Concerning claim 7, Bayse et al. teaches speech recognition with power management by one or more keywords.  (Abstract)  A power management subsystem may process an audio input to determine that the audio input includes a wakeword, and activates a network interface module in response to determining the audio input comprises the wakeword.  (¶[0010])  A power management subsystem may determine one or more values including an energy level or volume of the audio input, a score corresponding to a likelihood that speech is present in the audio input, and a score corresponding to a likelihood that a keyword is present in the speech.  (¶[0012])  If an audio detection module determines that an audio input meets a threshold energy level or volume, speech detection module may be activated to determine whether audio input includes speech.  (¶[0013])  Audio detection module 106 is configured to determine that audio input has an energy level satisfying a threshold for at least a threshold duration of time.  (¶[0019]: Figure 1)  Some embodiments provide that power supply 218 communicates a level of power that it can supply to power management subsystem 100, e.g., a percentage of battery life remaining or whether power supply 218 is plugged into an electrical outlet.  Power management subsystem 100 may selectively activate or deactivate one or more modules based at least in part on the power level indicated by the power supply.  (¶[0043]: Figure 2)  Bayse et al., then, teaches at least that “the preliminary condition is . . . a supply of battery power to the processor”.  Additionally, an energy level satisfying a threshold can be construed as “the preliminary condition is a noise level below a threshold”, i.e., if an energy level threshold is not met.

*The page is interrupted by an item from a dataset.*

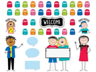Here’s a wonderful bulletin board set that lets you establish an inclusive tone in your classroom—with multi-ethnic stick figure–style children representing diverse backgrounds, a colorful array of backpacks and more! It’s a great way to decorate your walls, feature outstanding work, add style to any back-to-school display and welcome students to a new school year! Set includes 41 pieces—a “Welcome” sign, 5 signs with stick kids, 3 blank speech bubbles and 32 student backpacks in 6 colors. Largest piece measures 16 3/4" x 23 1/2".
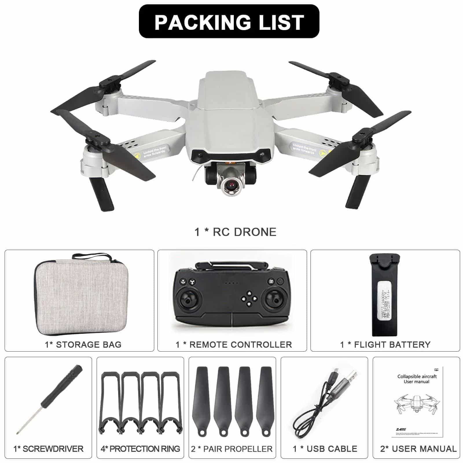 - Function: Trajectory flight, 3D flight, headless mode, auto-hover, emergency stop, one-key takeoff/landing, take photo/video, speed adjustment, etc.

Concerning claim 15, Patel et al. discloses a low-power trigger engine (“the LKDE”) and a high-power trigger engine (“the HKDE”), and these limitations of “wherein the electronic circuit is configured to provide a host device wakeup signal, the buffered data, and real-time digital data representative of the electrical signal to the external device interface”.  Here, Patel et al. discloses a high-power trigger engine is disposed on a host 150, so that after low-power trigger engine 125 detects a keyword in audio samples, DSP 123 transmits a wake up signal to host 150 across a communication bus, and host 150 then executes a wake up sequence and requests audio samples stored in delay buffer 125.  (¶[0021]: Figure 1)  One embodiment provides that audio samples may be transmitted to trigger engine 182 located on remote server 181, and trigger engine 155 or 182 receives the audio samples and validates the presence of a keyword in the received audio samples.  (¶[0033]: Figure 1)  Patel et al., then, provides “a host wakeup signal, the buffered digital data, and real-time digital data representative of the electrical signal to the external device interface”, but the host comprises a high-power trigger engine (“the HKDE”).  However, Patel et al. omits “only after the HKDE verifies the presence of a keyword detected by the LKDE.”  That is, Patel et al. performs low-power keyword detection and high-power keyword detection, but does not transmit speech for recognition by a host after low-power and high-power keyword detection, as it places high-power keyword detection on the host.  Still, Bayse et al. teaches that speech detection module 108 and speech processing module 110 may be used to determine whether to activate application processing module 112 and network interface module 206.  (¶[0028]: Figure 2)  Upon activation, network interface module 206 may transmit received audio input recorded to memory buffer module 104 over network to a remote speech recognition server.  (¶[0031]: Figure 2)  Bayse et al., then, teaches “wherein the electronic circuit is configured to provide . . . real-time digital data representative of the electrical signal to the external device interface” “only after the HKDE verifies the presence of a keyword detected by the LKDE” in Patel et al.    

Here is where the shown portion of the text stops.